One proposed site for the leased office building -- which would have included controversial temporary detention cells -- had been criticized by some nearby residents and business owners for traffic and safety concerns.
Neil Hauff, owner of HF Hauff Co., called the decision by Immigration and Customs Enforcement (ICE) to withdraw plans to lease a building "a prudent thing to do."
Hauff, whose company makes wind machines and orchard sprayers and has been on Presson Place since 1996, repeated that his opposition to the planned ICE center was because of traffic issues in the industrial area on a dead-end street.
"It's the wrong place for that facility," he said.
Select proposals to combine the ICE units responsible for investigation and detention of illegal immigrants are being withdrawn across the country due to budget problems, according to federal officials.
"This is not unique to Yakima," said ICE spokeswoman Lorie Dankers in Seattle.
The General Services Administration, which handles property management for federal agencies, learned late last week that ICE's Office of Detention and Removal was withdrawing some of its lease request, said Ross Buffington, a GSA spokesman.

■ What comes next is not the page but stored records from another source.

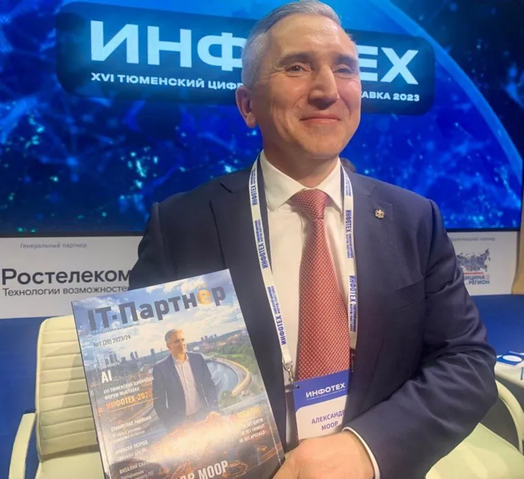 Нейросеть сгенерировала портрет губернатора Тюменской области Александра Моора. Об этом глава региона рассказал в своем telegram-канале. Фотография попала на обложку журнала «IT-партнер» форума «Инфотех 2023».
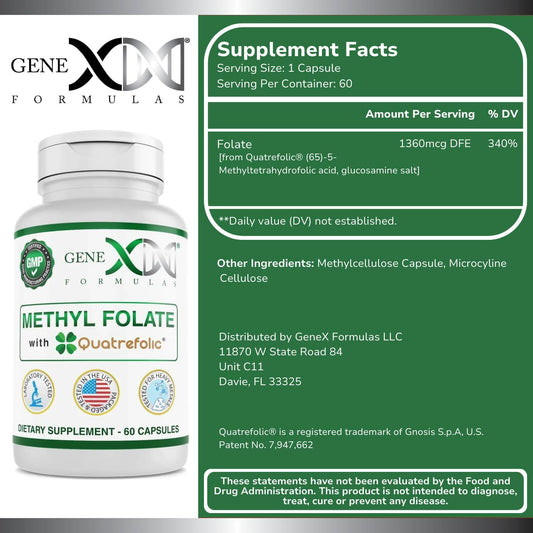 Genex Formulas Methyl Folate with Quatrefolic 1360 mcg DFE - Bio-Active 5-Methyltetrahydrofolate - Vegan, Gluten Free, Non-GMO - 60 CapsulesVendor:Genex FormulasRegular price $92.51 AUDRegular priceUnit price / per-
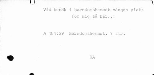//// ' v //// Vid besök i barndomshemmet mången plats //// för mig så kär... //// A 484:29 Barndomshemmet. 7 str. ////
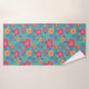 Colourful floral hibiscus flowers in pinks and orange with green leaves, Hawaiian inspired pattern on a blue background.
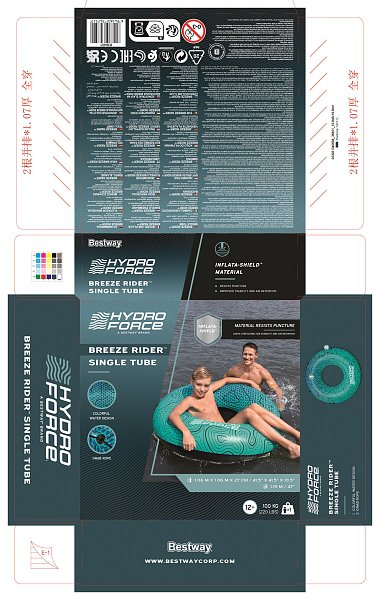 Bestway® Hydro-Force™ Nafukovací kruh Breeze Rider™ umožní malým aj väčším plavcom užiť si zábavu vo vode. Vyrobený je z veľmi kvalitného a odolného PVC materiálu a disponuje priemerom 119 cm. Plávací kruh Bestway je ideálnym doplnkom pre vodné aktivity detí i dospelých. Stačí si do neho sadnúť a nechať sa unášať vodou. Kruh má jednu vzduchovú komoru, poistné ventily a elastický popruh po polovici obvodu. Vrátane opravnej záplaty. Nafúknutá veľkosť kruhu: Ø 106 x 27 cm. Nenafúknutá veľkosť kruhu: Ø 119. Rozmery balenia: 19,8 x 19,8 x 6 cm. Určené pre 1 osobu. Maximálna nosnosť: 100 kg. Vek: 12+

The Yakima office was to hold both that unit and ICE's Office of Investigation as part of a continuing national effort to bring the two units together.
Both offices already have separate leased space in Yakima, including temporary detention cells. Those cells are not intended for overnight stays. Detainees are either transferred to the Yakima County jail under a federal contract or taken to the federal detention center in Tacoma.
Dankers and Buffington have both stressed that the office building would not serve as a jail, though the concept of living next to detainees has alarmed some residents of a nearby mobile home park for senior citizens.
The Presson Place project was proposed by the Jundt-Eglin LLC and was one of several bid responses that GSA said it had been considering.
Buffington said GSA still expects to issue a scaled-back request for new Yakima space for the Office of Investigations. The detention cells were part of the requirements for the Office of Detention and Removal, he said.
Dankers and Buffington said they did not have details about how many lease requests would be proceeding.
The Office of Detention and Removal has a budget of $2.55 billion for fiscal year 2010.
"They have a variety of priorities, and this was not a priority for this year," Dankers said, noting that the request for combined space may be reconsidered in the future.